■ **The problem**
Look below for the line with "コミカルムードたっぷりのWR", then repeat it and all lines after it, exactly, minus any pictures.

■ **Data excerpt**
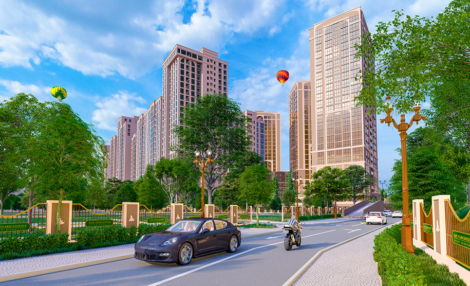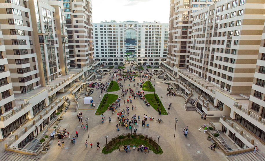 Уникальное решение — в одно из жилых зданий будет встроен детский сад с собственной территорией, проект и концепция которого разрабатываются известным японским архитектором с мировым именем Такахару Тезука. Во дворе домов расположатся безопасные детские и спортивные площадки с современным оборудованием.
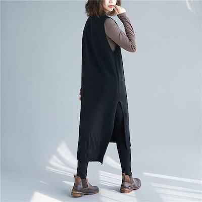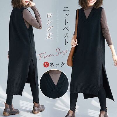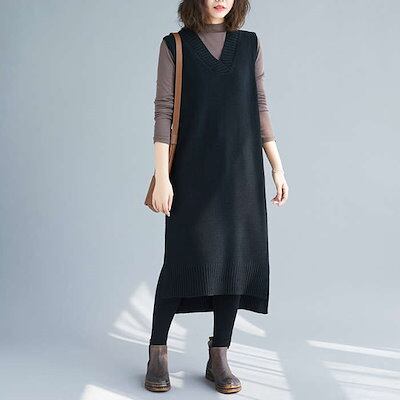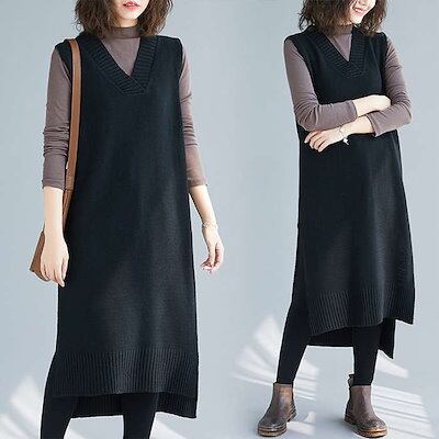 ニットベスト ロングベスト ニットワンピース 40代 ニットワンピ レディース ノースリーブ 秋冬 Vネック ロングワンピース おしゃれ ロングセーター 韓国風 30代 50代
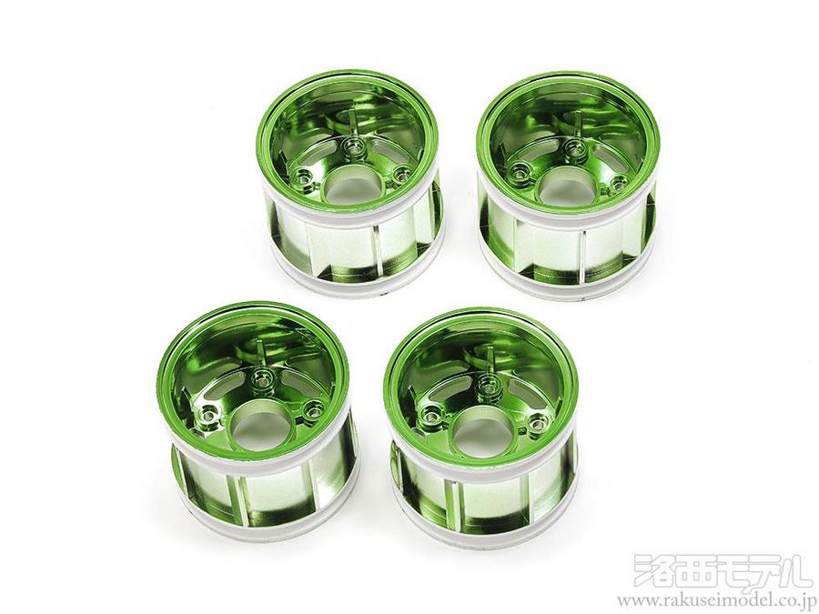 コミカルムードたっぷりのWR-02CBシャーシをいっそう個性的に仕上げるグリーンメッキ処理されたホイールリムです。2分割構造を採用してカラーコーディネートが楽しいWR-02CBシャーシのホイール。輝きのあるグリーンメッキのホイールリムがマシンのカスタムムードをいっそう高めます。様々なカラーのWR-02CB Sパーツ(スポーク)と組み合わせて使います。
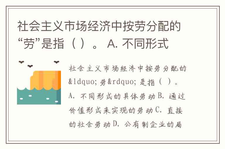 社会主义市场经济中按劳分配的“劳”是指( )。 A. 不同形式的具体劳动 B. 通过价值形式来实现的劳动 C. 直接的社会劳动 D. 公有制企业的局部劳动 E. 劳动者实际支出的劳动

■ **Final answer**
 コミカルムードたっぷりのWR-02CBシャーシをいっそう個性的に仕上げるグリーンメッキ処理されたホイールリムです。2分割構造を採用してカラーコーディネートが楽しいWR-02CBシャーシのホイール。輝きのあるグリーンメッキのホイールリムがマシンのカスタムムードをいっそう高めます。様々なカラーのWR-02CB Sパーツ(スポーク)と組み合わせて使います。
 社会主义市场经济中按劳分配的“劳”是指( )。 A. 不同形式的具体劳动 B. 通过价值形式来实现的劳动 C. 直接的社会劳动 D. 公有制企业的局部劳动 E. 劳动者实际支出的劳动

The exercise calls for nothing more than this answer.